During the migration, you should set all internal assets to use relative rather than absolute URLs.
For external resources, such as third-party scripts and iframes, you'd need to load them using the secure (HTTPS) protocol, if the external resource is available over SSL.
It should be noted that different browsers handle mixed content differently. Qualsys provides a tool (SSL Labs) that let's you know which types of assets that present mixed content errors in different browsers – a page which ironically throws up mixed content errors in Google Chrome.
Loss of some link juice
Even if you successfully implement SSL and the migration is handled properly, your site may still lose some of the 'link juice' from inbound links.
The reason for this is as old as the PageRank algorithm itself. Every followed link that Google identifies passes some PageRank from the source to the target page. However, to avoid issues with infinite loops from reciprocal linking, there is a decay factor of around 10-15%. This is explained in detail on Matt Cutts's blog.

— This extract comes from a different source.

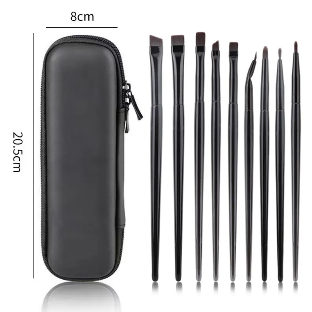 Trusă de 9 pensule pentru machiajul ochilor, cu etui din piele ecologică, perfectă pentru detalii fine și tehnici precise de machiaj.
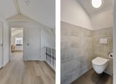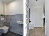 Wat aan de buitenzijde opvalt, zijn het grote raam tot vloerhoogte en de stijlvolle voordeur. Via deze deur loop je de hal in die, net als de rest van de woning, smaakvol is verbouwd. De pvc visgraatvloer ligt op bijna de hele begane grond en recht voor je is de toiletruimte met fraai tegelwerk, een wandcloset en een fonteintje.

Google has also previously stated that the decay for a 301 redirect is around the same as a regular link. So, site owners can expect to lose between 10-15% of their inbound link juice as a result of implementing a 301 redirect from their HTTP to HTTPS website.
Conclusion - moving to https
For many industries, such as financial services and legal sectors, and any sites that handle sensitive customer data, requests should be encrypted to and from the server using SSL. However, for a lot of small businesses, secure connections aren’t required and could prove to be an unnecessary burden.
So, before you leap into it, it’s worth considering the benefits and disadvantages of using SSL for your business. It may be wise to monitor your competitors to see if they make the switch to SSL and to check if this has any positive or negative effect on rankings.